The Metabolism of Gammekane and Related Compounds

Abstract

1. A detailed kinetic study has been made of the glutathione S-aryl-transferases from the New Zealand grass grub (Costelytra zealandica) and from sheep liver. The insect enzyme behaves in accordance with a Michaelis-Menten model for two-substrate enzymes. It is inhibited by the sulphonphthaleins, phthaleins, fluoresceins and dicarboxylic acids competing with glutathione, while the sheep-liver enzyme is not susceptible to this type of inhibition. From this, and other data obtained from a study of the variation of kinetics with pH, it is proposed that two basic groups (possibly lysine residues) are involved in binding of glutathione to the insect enzyme, while only one such group appears in the sheep-liver enzyme. Binding of the aromatic substrate to the enzyme in both species may involve a histidine residue. 2. The accumulation of little significant radioactivity in diluant 2γ-pentachlorocyclohexene (γ-PCCH) during the in vitro metabolism of [14C]γ-hexachlorohexane (γ-HCH) suggests that the PCCH’s are not formed as free intermediates during the metabolism of the HCH’s.

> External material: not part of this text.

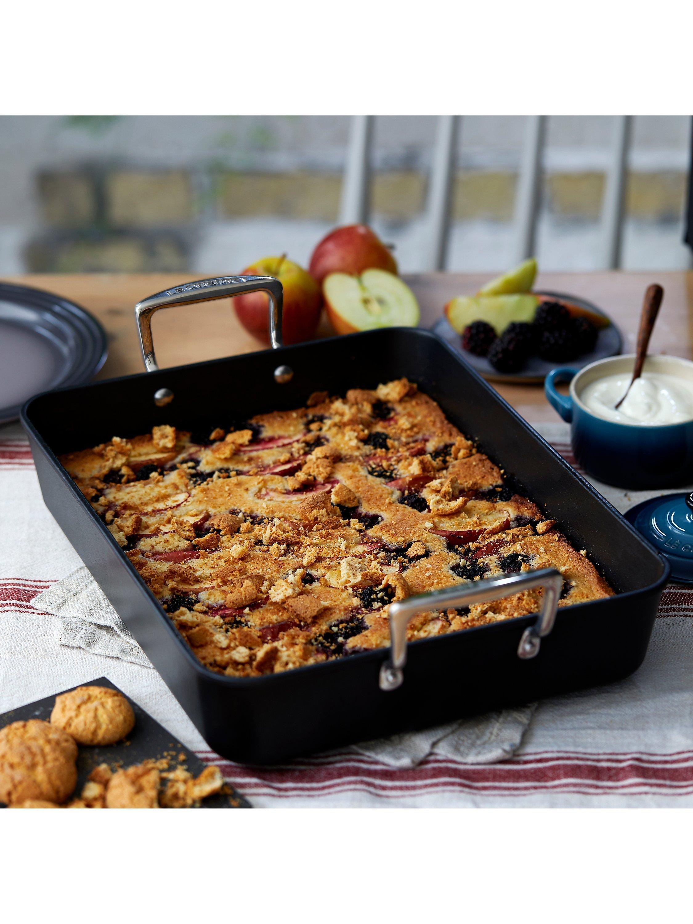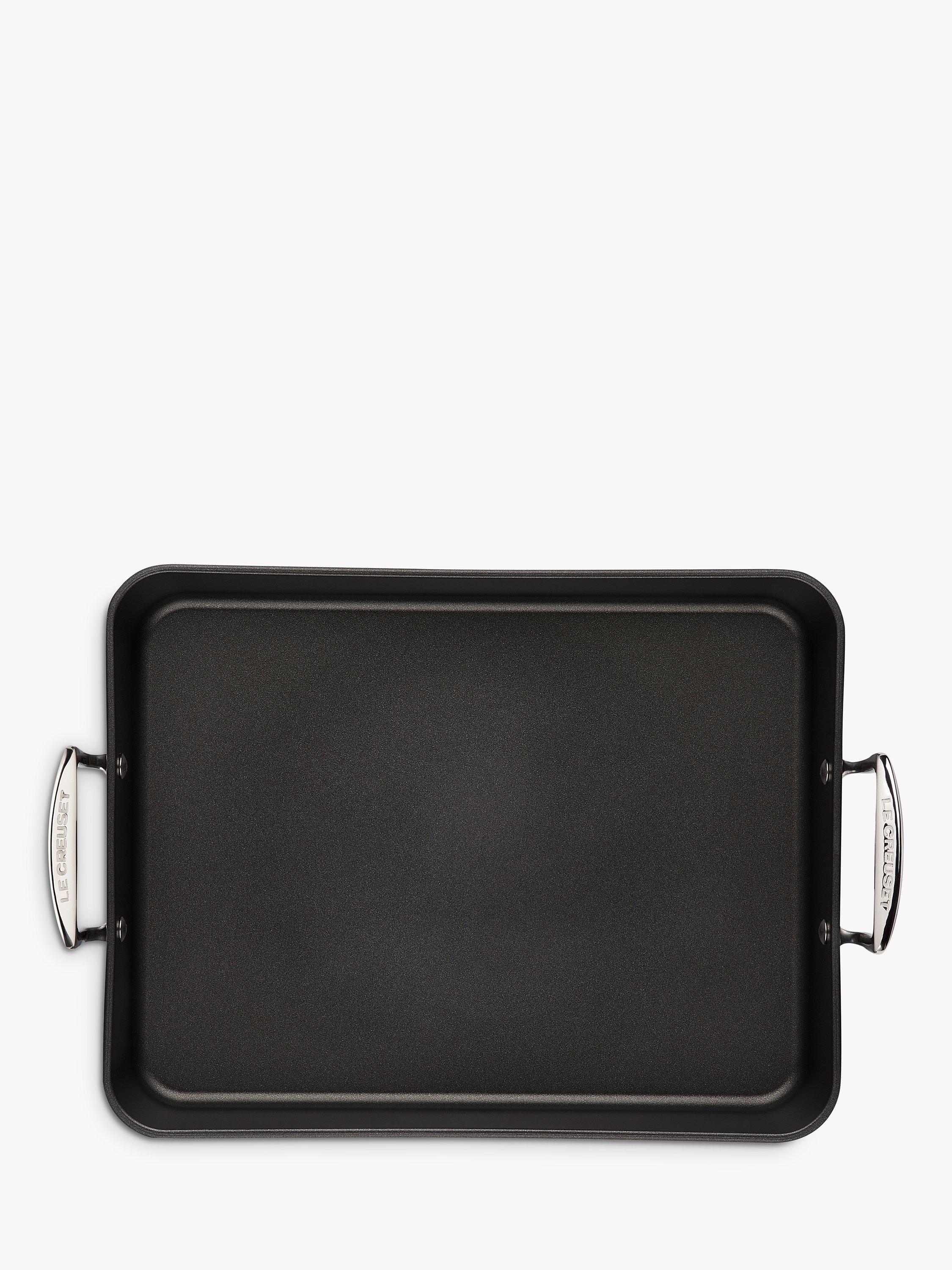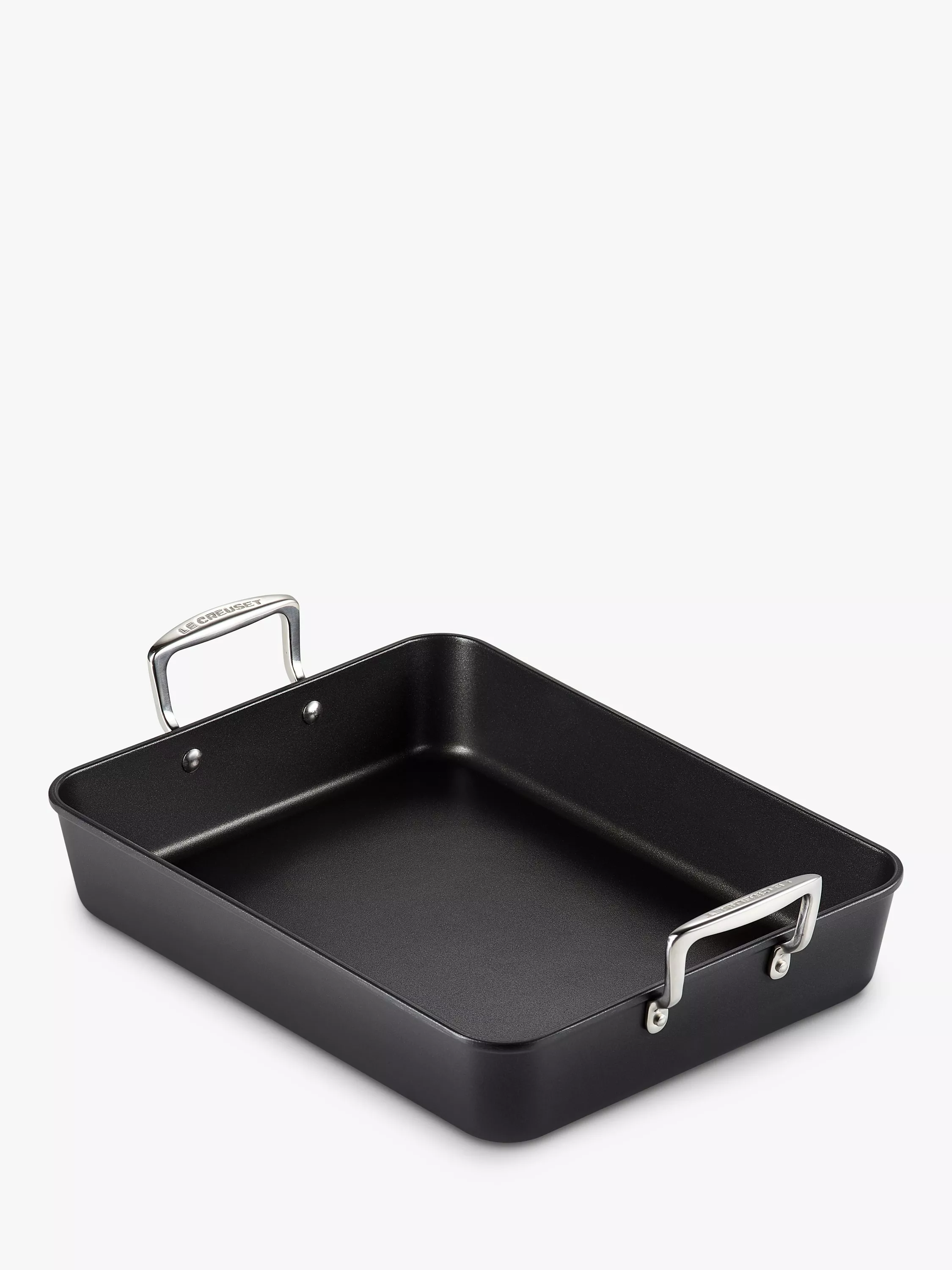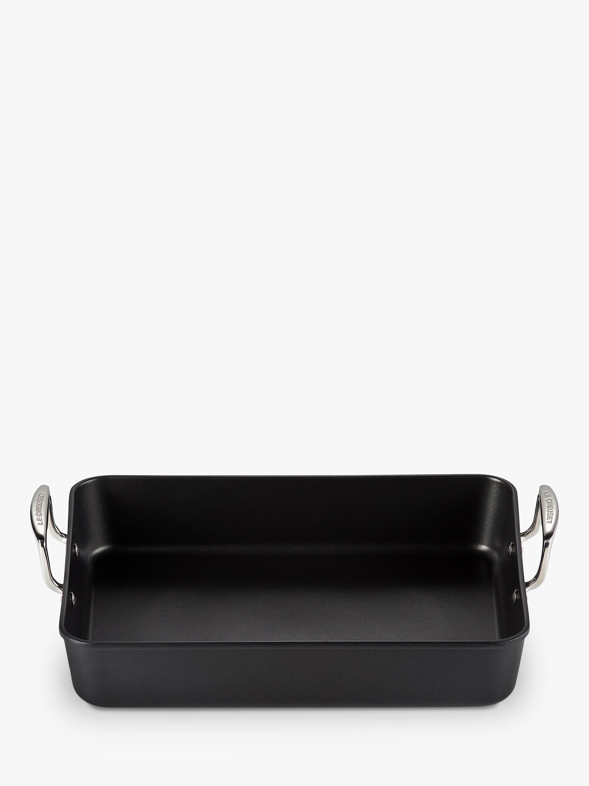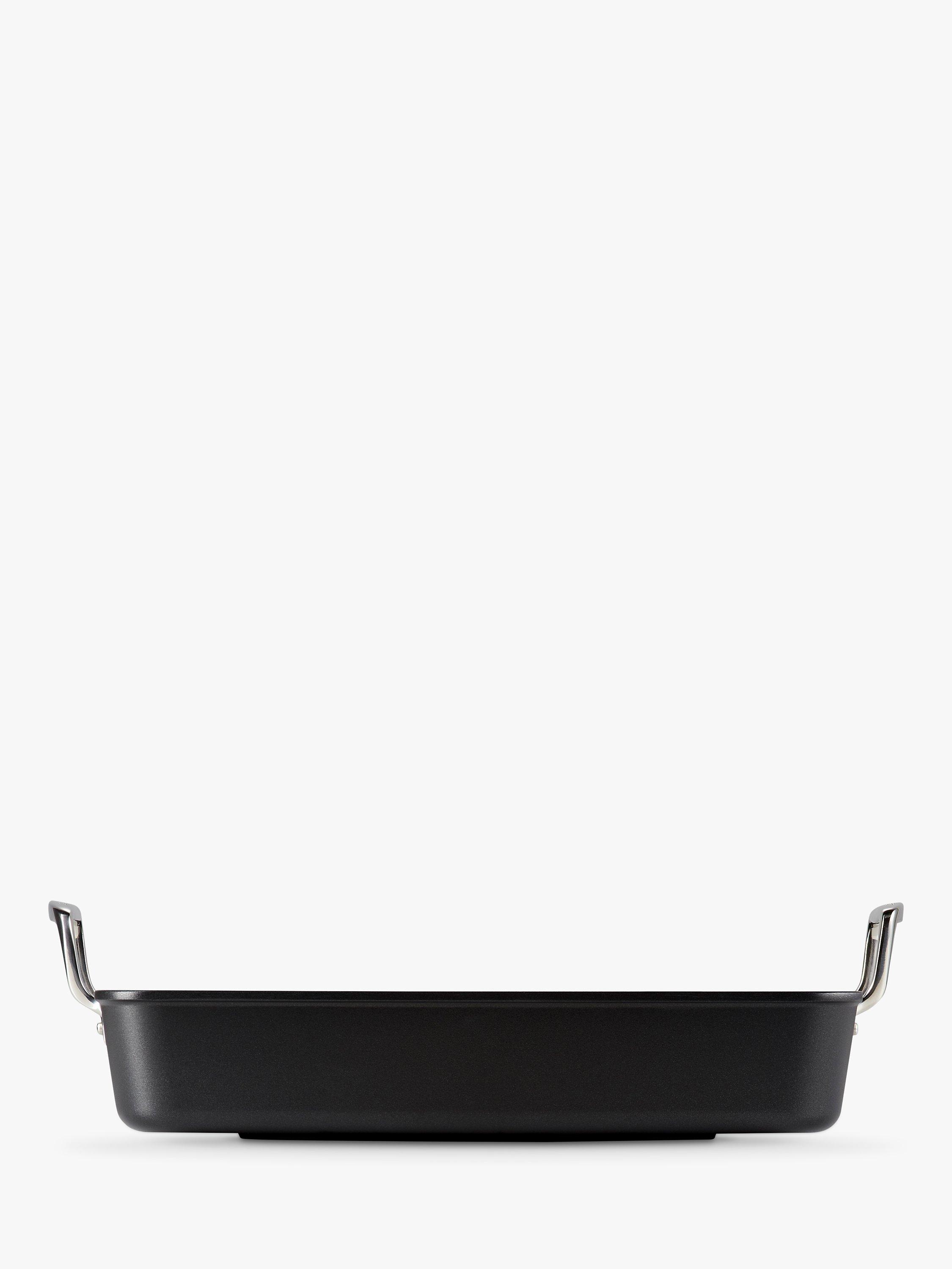 A rectangular roaster from Le Creuset's Toughened Non-Stick cookware range. The Toughened Non-Stick range boasts innovative technology from its three-layer reinforced non-stick surface to the induction-compatible base. Cookware is made from high-quality, hard-anodised forged aluminium for excellent heat retention and even heat distribution.

However, certain ambiguities introduced with the experimental techniques used preclude the complete exclusion of this possibility. 3. γ-HCH, γ-PCCH and δ-PCCH metabolized in vivo by M.domestica and C.zealandica and in vitro by preparations from both species, all produce as the principal metabolite a glutathione conjugate with chromatographic properties identical with those of authentic S-(2,4-dichlorophenyl)glutathione. There is, however some doubt as to the identity of the S-substituent moiety. 4. The in vitro metabolism of γ-HCH and δ-PCCH is glutathione-dependent and is inhibited by various phthaleins and sulphonphthaleins. The in vivo metabolism of δ-PCCH in C.zealandica is profoundly affected by this type of compound, but its effects on the rate of metabolism in vivo of δ-HCH in M.domestica and C.zealandica are only marginal. 5. The enzyme concerned in the metabolism of δ-PCCH has been shown to differ from aryltransferase in M.domestica and C.zealandica by gel filtration techniques and by differences in activity in different enzyme preparations. The δ-PCCH-metabolising activity appears to be associated with a DDT dehydrochlorinase activity. In M.domestica, there appears to be, in addition, a second DDT dehydrochlorinase with only a low cross-specificity towards δ-PCCH.